The line containing "Incorporate palm fronds", plus every line that follows it to the end of the listing below, is what you transcribe exactly; omit all pictures.

DATA SEGMENT START

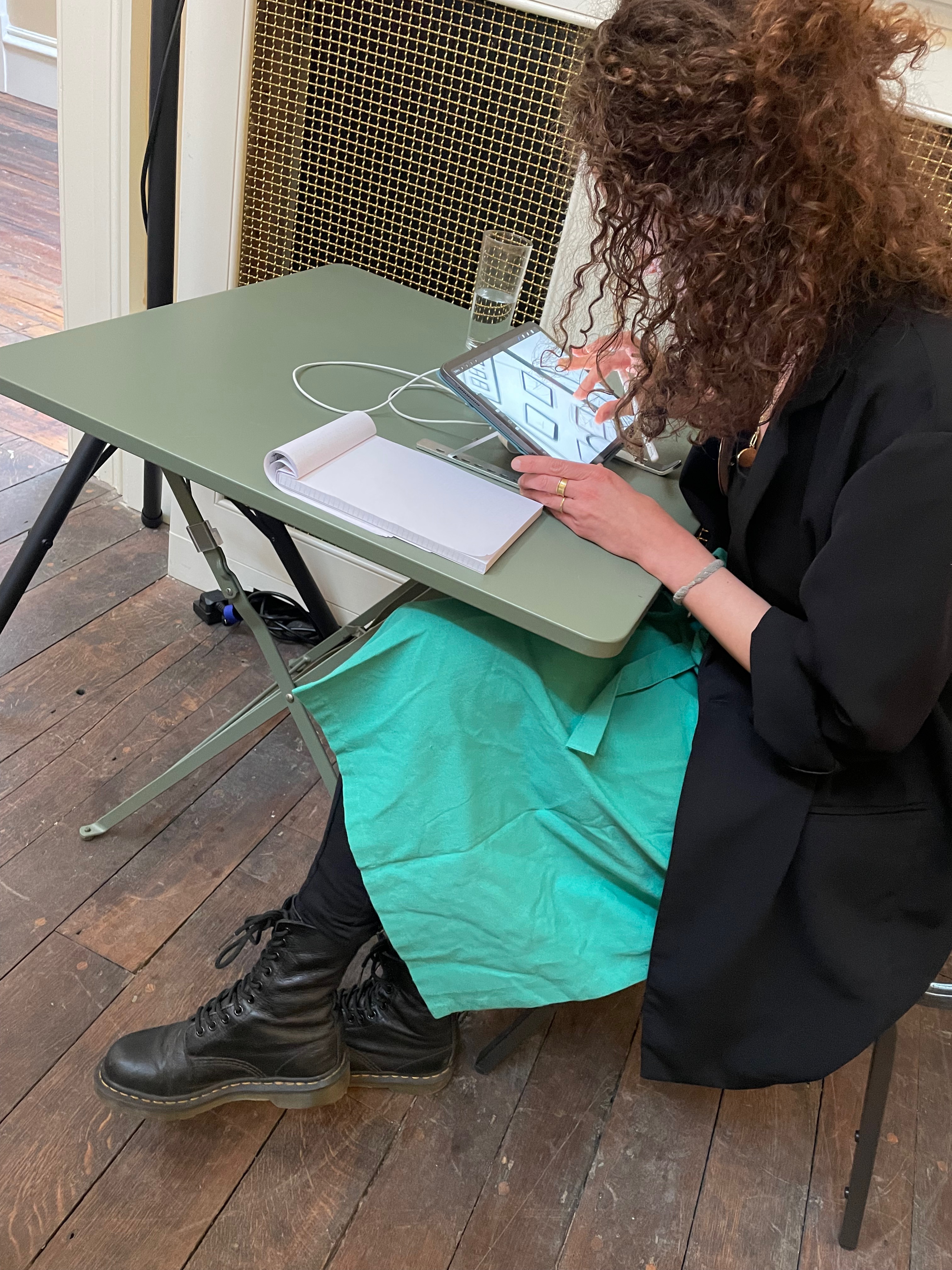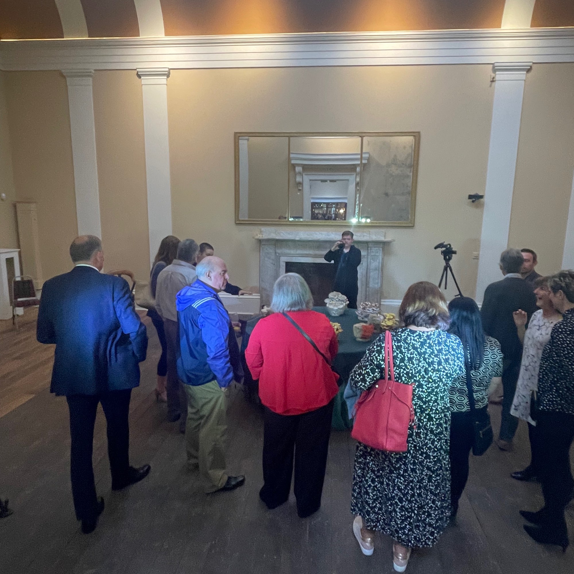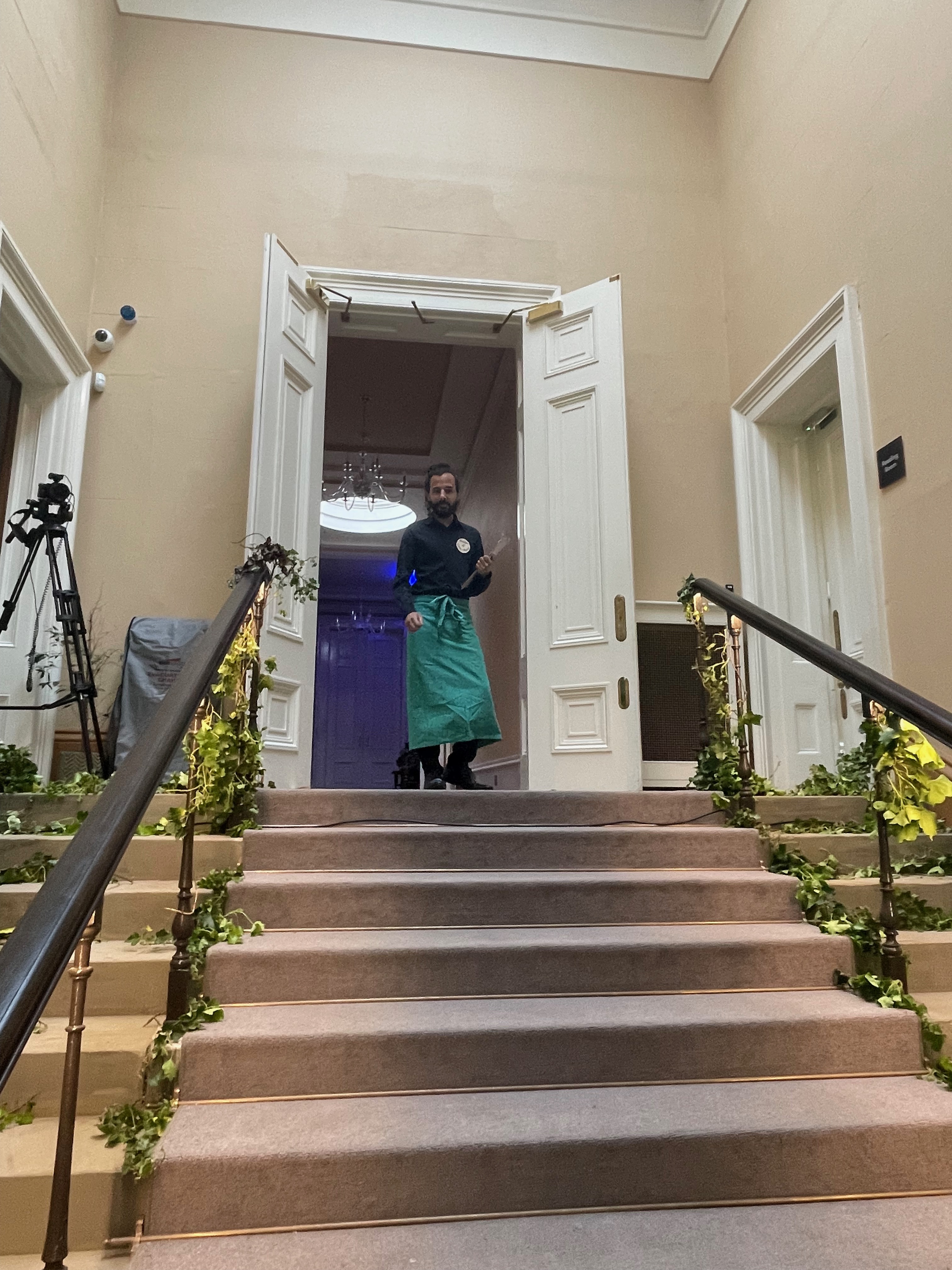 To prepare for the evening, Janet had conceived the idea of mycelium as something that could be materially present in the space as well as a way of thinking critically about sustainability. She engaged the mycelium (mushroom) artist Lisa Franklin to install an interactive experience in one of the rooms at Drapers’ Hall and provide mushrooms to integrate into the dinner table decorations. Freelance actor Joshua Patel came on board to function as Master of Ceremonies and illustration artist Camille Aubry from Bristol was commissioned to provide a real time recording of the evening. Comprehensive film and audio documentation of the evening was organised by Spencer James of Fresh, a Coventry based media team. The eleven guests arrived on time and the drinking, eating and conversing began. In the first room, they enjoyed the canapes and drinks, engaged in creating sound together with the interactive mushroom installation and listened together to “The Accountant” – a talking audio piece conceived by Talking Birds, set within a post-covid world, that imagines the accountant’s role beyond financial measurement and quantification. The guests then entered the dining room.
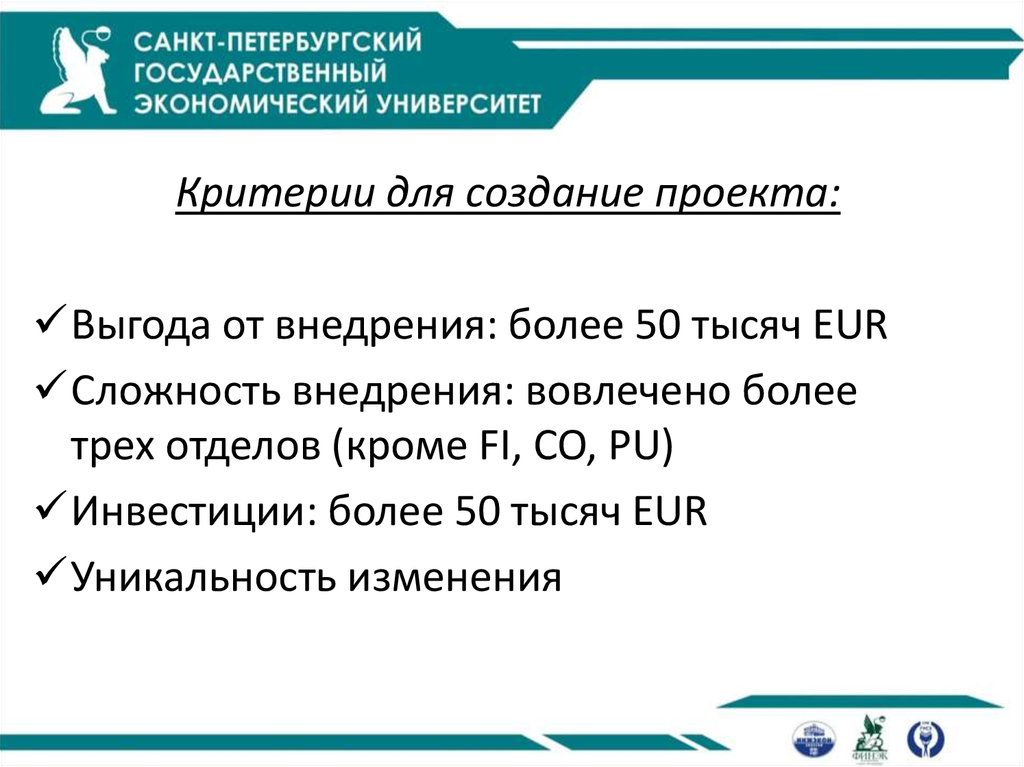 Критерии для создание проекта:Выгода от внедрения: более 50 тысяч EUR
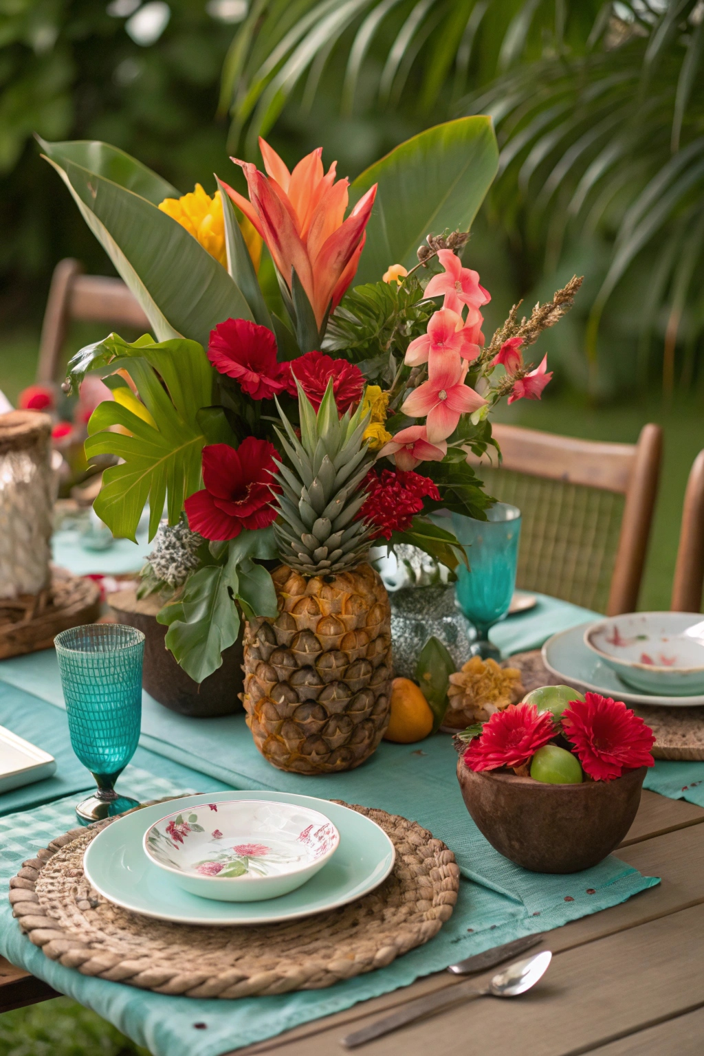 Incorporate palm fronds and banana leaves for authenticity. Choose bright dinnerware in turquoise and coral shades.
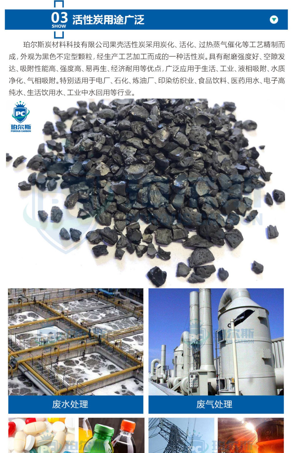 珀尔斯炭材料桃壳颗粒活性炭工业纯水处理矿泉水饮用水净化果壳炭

DATA SEGMENT END

_SOLUTION TO THE EXERCISE_:
 Incorporate palm fronds and banana leaves for authenticity. Choose bright dinnerware in turquoise and coral shades.
 珀尔斯炭材料桃壳颗粒活性炭工业纯水处理矿泉水饮用水净化果壳炭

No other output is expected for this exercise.